Ранним утром она сидела на постели и смотрела, как мать готовит завтрак. Дэзи Биверскин двигалась медленно, мокасины шаркали по земляному полу, от былой расторопности не осталось и следа. Залоснившаяся от жира юбка топорщилась, болтаясь мятыми складками. Дэзи спала не раздеваясь, и клочья гусиного пуха из перины пристали к сальным пятнам. Джо Биверскина в землянке не было: накануне он ушел на охоту и ночевать не возвращался.
Кэнайна заглянула в чугунок, который кипел на печи. Там виднелись рыбьи потроха и голова с остекленелыми глазами. Кэнайна поймала ту рыбу накануне - первую за четыре дня. Несколько месяцев назад она с ужасом смотрела бы на это варево, теперь было немыслимо выбросить голову и внутренности - ничто не вызывало у нее тошноты, и она ждала, не испытывая ничего, кроме голода. Дэзи всыпала в чугунок три чашки овсянки для заправки. С ужасом наблюдала Кэнайна за тем, как исчезает в чугунке овсянка; на лице матери было написано стоическое безразличие.

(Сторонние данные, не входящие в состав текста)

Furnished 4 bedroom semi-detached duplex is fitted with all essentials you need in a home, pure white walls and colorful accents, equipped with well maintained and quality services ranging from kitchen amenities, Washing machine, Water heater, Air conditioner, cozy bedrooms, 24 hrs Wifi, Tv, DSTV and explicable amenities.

— Это последняя овсянка, — сказала Кэнайна.
— Да, последняя, — отозвалась Дэзи.
Вот уж несколько недель, как Джо Биверскин собрал последние, еще не вмерзшие в лед капканы. Потом помог Кэнайне закинуть сети в маленьком озерце в миле от лагеря, где вода не промерзла до дна. Чтобы закинуть сети, потребовалось четыре дня, потому что нужно было сперва лыжами разгребать глубокий, по пояс, снег, а потом уже прорубать лед толщиной в ярд, а то и больше. Кэнайна ежедневно осматривала сети, отец снова отправился на охоту.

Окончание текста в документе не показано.